Other treatment-related considerations
(1) HCG for cryptorchidism and micropenis: In children under 2 years of age, HCG treatment can facilitate the descent of cryptorchidism into the scrotum. Many guidelines recommend that cryptorchid descent fixation surgery should be performed within 1 year of age to minimize the impact on testicular spermatogenesis. In children, short-term HCG therapy (500-1000 IU intramuscularly twice a week for 3 months) may promote penile growth by promoting androgen production in the testes. Changes in penis, blood testosterone, height and bone age should be monitored during drug administration.

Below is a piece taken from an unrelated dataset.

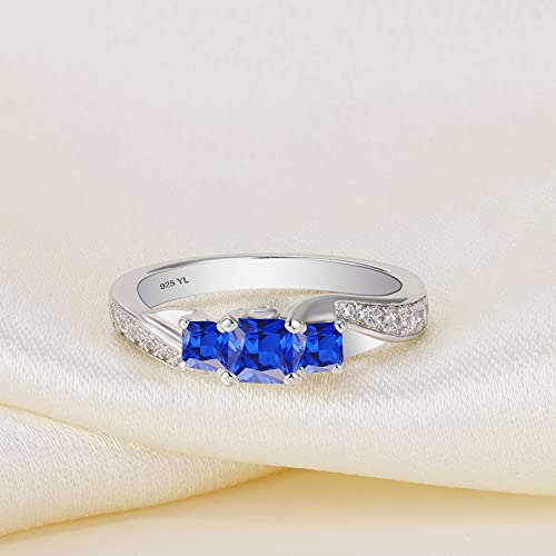 YL Women's Sterling Silver Clear Created Sapphire 3-stone Princess Cut Wedding Rings for Engagement Jewelry-size6 5
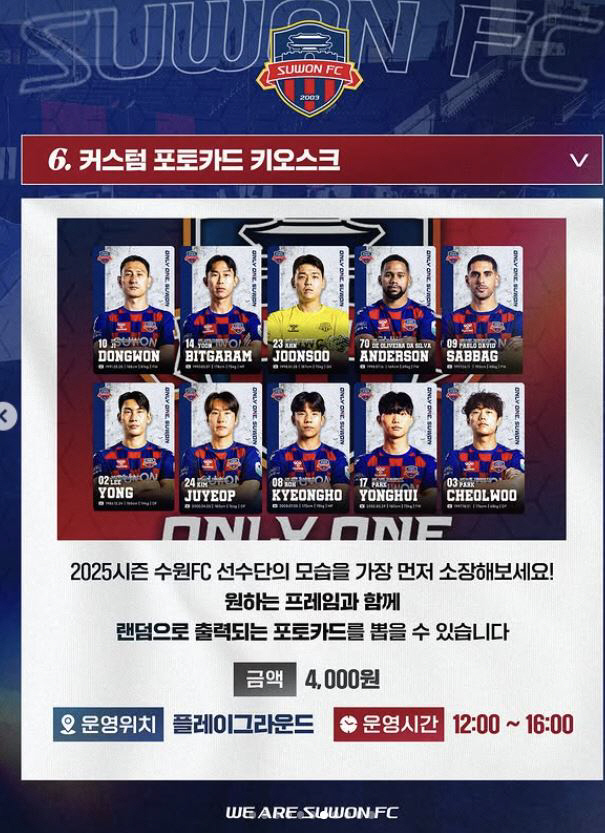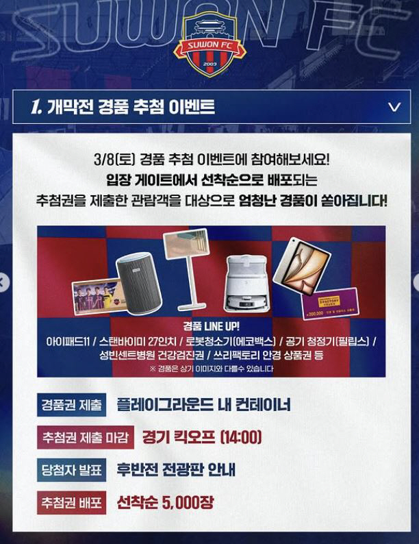 수원FC 구단도 팬들의 기다림에 부응하고자 경기장 안팎에 다채로운 이벤트를 준비했다. 애플 아이패드, LG스탠바이미, 에코백스 로봇청소기, 필립스 공기청정기 등 풍성한 경품 추첨 이벤트, 스페이스A 축하공연, 캐슬 스테이지 운영, 선수단 팬 사인회, 피크닉존과 푸드트럭, 커스텀 포토카드 키오스크, 수원FC 포토이즘 부스, 수원FC 포토존, BAMKEL과 함께하는 SNS인증샷 이벤트 등이 마련됐다. 전영지 기자 sky4us@sportschosun.com

(2) Autonomic return to normal hypothalamic-pituitary-gonadal axis function (reversal): About 3-20% of patients can return to normal hypothalamic-pituitary-gonadal axis function on their own during long-term treatment, called reversal. The clinical manifestations are a gradual increase in endogenous gonadotropin levels, a gradual increase in testicular volume, and autonomous production of testosterone and sperm. At the time of diagnosis, a higher LH level in the basal state or treprostin excitation test with a relatively large basal testicular volume is an important indicator of future reversal of gonadal axis function. Therefore, it is important to monitor changes in testicular volume and gonadotropin levels during the course of treatment. In patients with endogenous LH ≥ 1IU/L, the drug should be intermittently discontinued to observe whether the function of the autonomic gonadal axis is initiated, and if necessary, repeat the treprostin excitation test to evaluate the functional status of the hypothalamic-pituitary-gonadal axis.
(3) Genetic counseling: Once the diagnosis of the causative gene is clear, the risk of disease in the offspring can be roughly inferred. The diagnosis of the causative gene is not clear in most patients. Even with the same genetic mutation, gonadal axis function can vary widely. Due to the complex relationship between genotype and clinical phenotype, it is difficult to accurately assess the risk of disease in the offspring.
(4) Routine calcium and vitamin D supplementation: Bone mineral density is reviewed at 2-3 year intervals. BMD may return to normal with long-term testosterone supplementation.
(5) Psychological assessment and treatment: Long-term hypogonadism and poor development of secondary sexual characteristics can lead to low self-esteem and seriously affect the quality of life of patients. After androgen supplementation and spermatogenesis treatment, the mood will improve with the development of secondary sex characteristics and sperm production. Therefore, psychological support should be given in a timely manner during the consultation and treatment.
(6) The effect of testosterone on substance metabolism: Long-term testosterone deficiency is related to the occurrence of obesity and diabetes. Testosterone replacement therapy will improve body components, increase insulin sensitivity and reduce C-reactive protein, thus improving metabolism of blood glucose and blood lipids. Therefore, blood glucose and lipid levels should be routinely monitored during treatment, and patients should be encouraged to maintain ideal body weight.